Por mucha libertad que pueda tomarme ante la falta de precedentes (que no es sorprendente, visto el tipo de documento y la extrema rareza del futuro de subjuntivo en el castellano contemporáneo), "perder cuidado" es lo que no me puedo permitir antes de haber resuelto todas las dudas y expurgado todas las fallas. Lo que estoy traduciendo es un documento jurídico y las dos opciones que tengo son traducir bien (quiere decir: completamente i correctamente, porque garantizo que la traducción es correcta y está completa) o desistir de la traducción.
En cualquier caso, gracias.


----------



## elroy

El imperfecto de subjuntivo (“en el caso de que fracasara/fracasase”) también valdría, ¿no?


----------



## Circunflejo

elroy said:


> El imperfecto de subjuntivo (“en el caso de que fracasara/fracasase”) también valdría, ¿no?


Sí.


----------



## Calambur

elroy said:


> El imperfecto de subjuntivo (“en el caso de que *fracasara/fracasase*”) también valdría, ¿no?


A mi entender, sí, e incluso me suena más "razonable": "_en el caso de que nuestro matrimonio fracasara_"; pero el lenguaje jurídico es como es, y no podemos cambiarlo porque no coincide con nuestro gusto, máxime considerando que casi siempre es lengua escrita, que tarda más en variar.

Conocemos *fracasara/fracasase* como pretérito imperfecto de subjuntivo, pero, aunque lo llamemos _pretérito_, la acción del verbo puede referirse tanto al pasado como al presente o al futuro.

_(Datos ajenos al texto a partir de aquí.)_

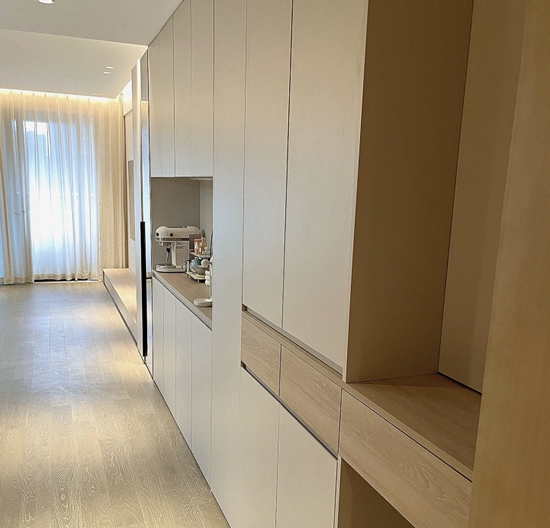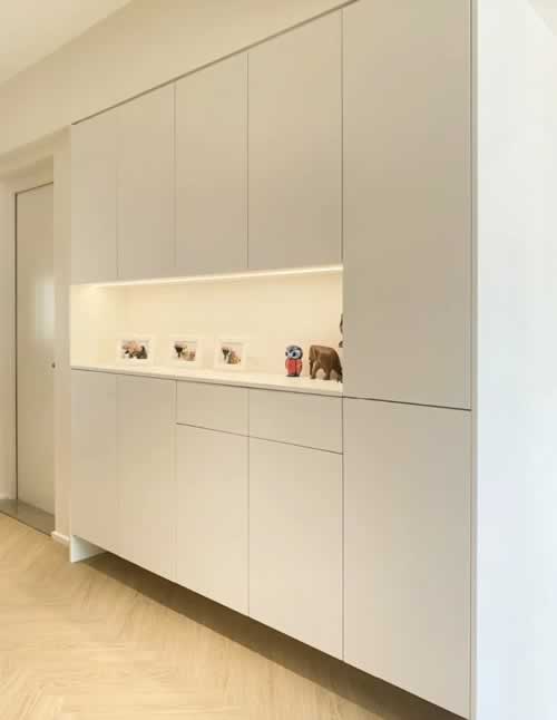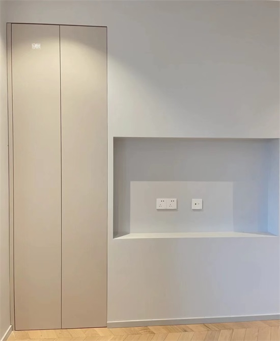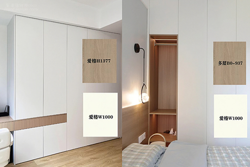 所以,如果想要做一门到顶的柜门,高于2.44m的话,只有爱格板才能实现,相比较而言其美观性要高于普通的板材。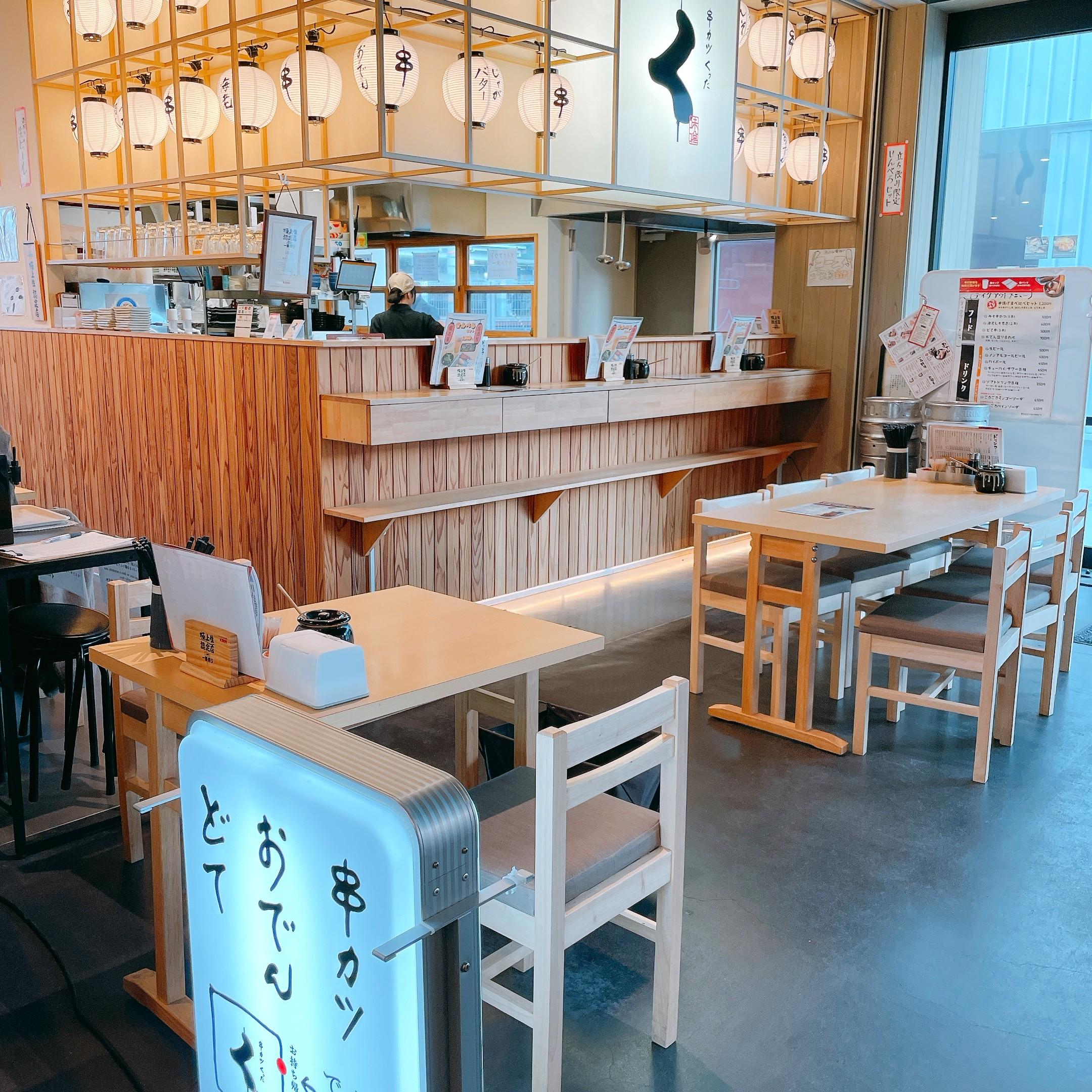 立ち飲みとテーブル席があり、一日を通して気軽に串カツとおでんを楽しむことができます。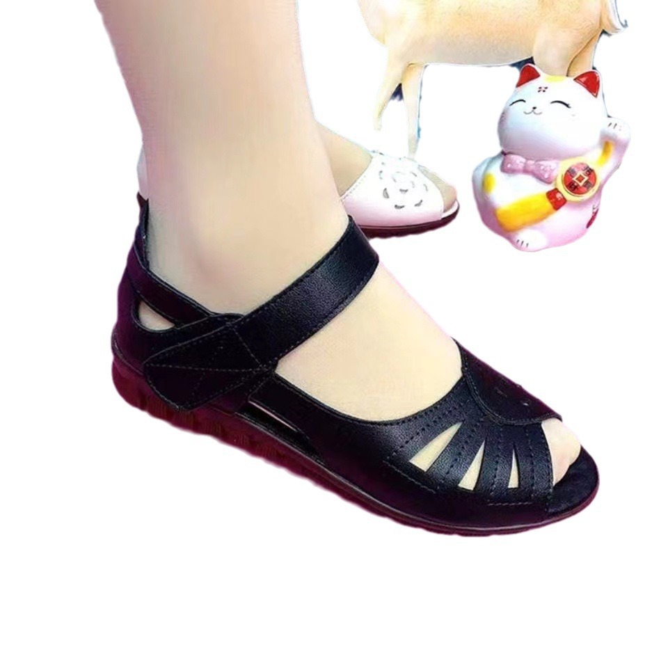 Женские сандалии 2024 года, новые летние женские сандалии, обувь для мам, пляжная обувь на плоской подошве с говяжьим сухожилием, с мягкой подошвой для среднего и пожилого возраста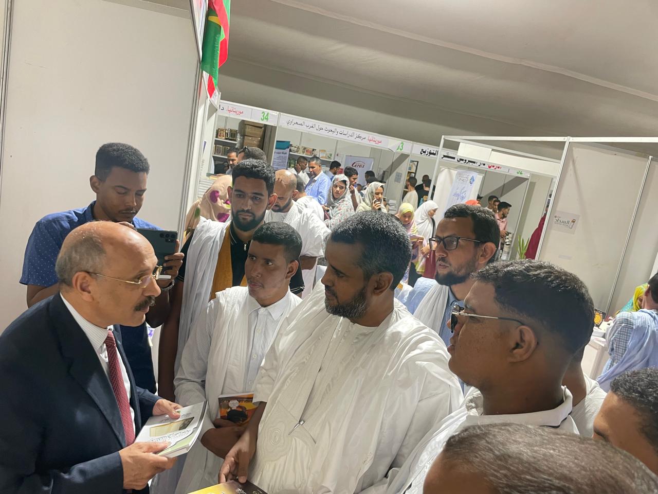 شهد جناح مؤسسة رسالة السلام بمعرض نواكشوط الدولي للكتاب زيارة رسمية لوفد طلاب مجلس العلوم الشرعية الشنقيطية التقليدية برئاسة الدكتور سيد أحمد سيدي الخليل “ أبو سهلة ” .
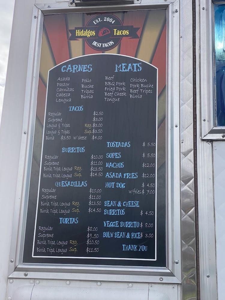 The menu at Hidalgo Taco Truck is a delightful journey through traditional Mexican cuisine. It highlights various offerings, including tacos, burritos, quesadillas, and sopes. Popular choices include carne asada, carnitas, and birria, all prepared with great care. The average price for dishes hovers around $6.45, making it affordable for most.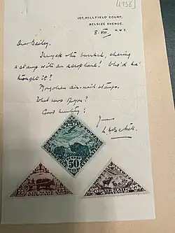 His tour of command was shortened due to a heart condition: he was invalided to England in August 1924. He came on his own and his postal address then was given as 'c/o Lloyds Bank, Pall Mall'.[24] On 14 September 1926 he was placed on the Unemployed List on completion of his command.[25]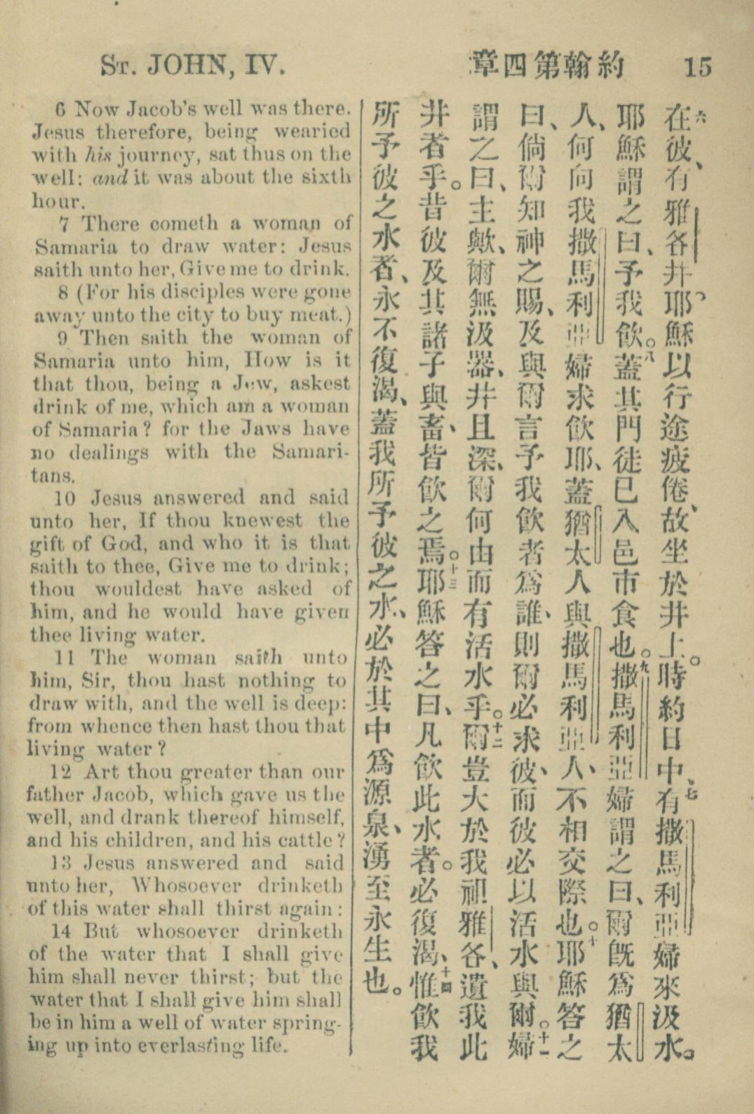 1883年約翰傳福音書 約翰福音 4 章 6 節到 4 章 14 節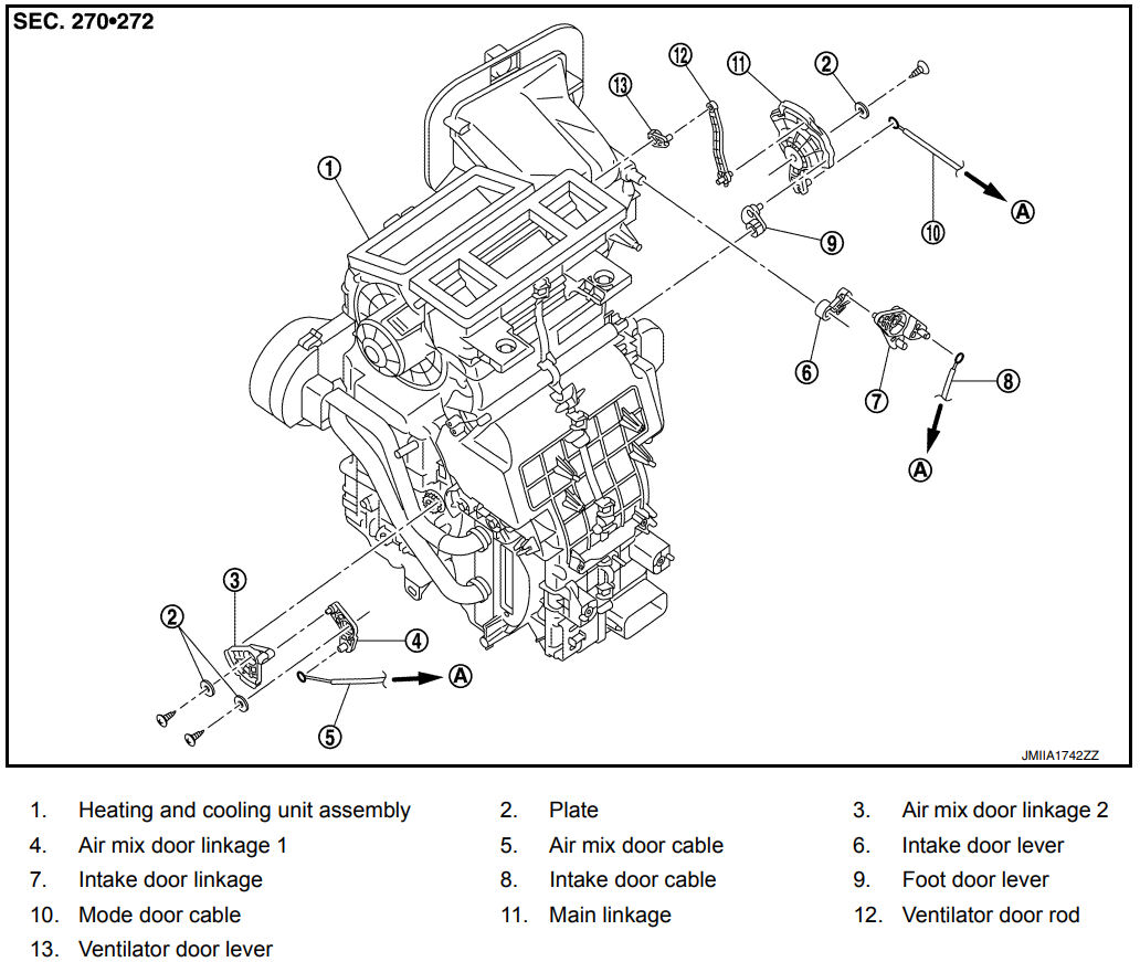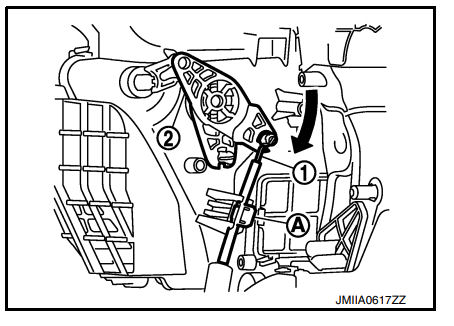 - Push intake door link (2) in the direction shown, then carefully pull outer cable to front air control side and connect clip.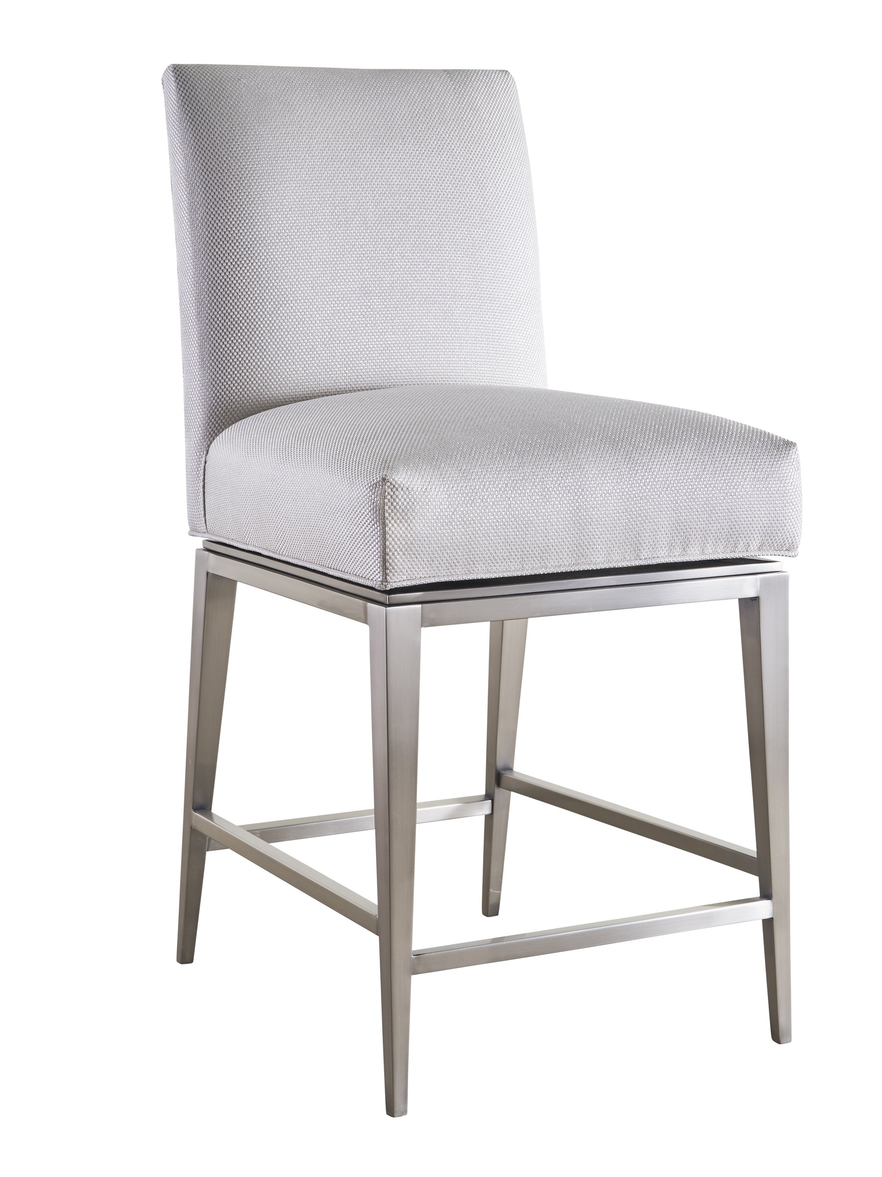 The Barnwell stool has the same features as the Barnwell chair having a simple, tailored upholstered seat that attaches to the metal base by the memory swivel. The base recesses underneath the seat part giving the illusion the seat is floating over the base. The metal base is well scaled having long tapered legs and delicate stretchers that are finished in a beautiful, plated Antique Silver finish. This stool is also available in Antique Bronze and Oil Rubbed Bronze finishes.Read More

¿Por qué lo han denominado así...?
¡Ah!, no sé.


Edito para eliminar tilde en "mi".


----------



## elroy

Calambur said:


> incluso me suena más "razonable": "_en el caso de que nuestro matrimonio fracasara_"; pero el lenguaje jurídico es como es, y no podemos cambiarlo porque no coincide con nuestro gusto


Perdón, no fue mi intención proponer que se tradujera con el imperfecto de subjuntivo. Nada más me llamó la atención que @Angelo di fuoco solo propusiera el futuro y el presente, mientras que el imperfecto también es una posibilidad a considerar. Coincido en que el futuro de subjuntivo es adecuado tratándose de un texto jurídico pero, de decantarnos por otra forma, yo me inclinaría más hacia el imperfecto que el presente.


Calambur said:


> Conocemos *fracasara/fracasase* como pretérito imperfecto de subjuntivo, pero, aunque lo llamemos _pretérito_, la acción del verbo puede referirse tanto al pasado como al presente o al futuro.
> 
> ¿Por qué lo han denominado así...?
> ¡Ah!, no sé.


Creo que se trata del uso hipotético del imperfecto de subjuntivo:
_Si fracasara/fracasase nuestro matrimonio, me volvería loco.
En el caso de que fracasara/fracasase... _

("fracasase", qué linda palabra. )


----------



## Calambur

elroy said:


> Nada más me llamó la atención que @Angelo di fuoco solo propusiera el futuro y el presente,


Yo me imagino que él propuso esas dos formas porque tal vez (?) son las que aprendió (las que le enseñaron) como equivalentes, ya que en la lengua actual lo común es usar el presente en lugar de ese futuro que nos suena tan raro.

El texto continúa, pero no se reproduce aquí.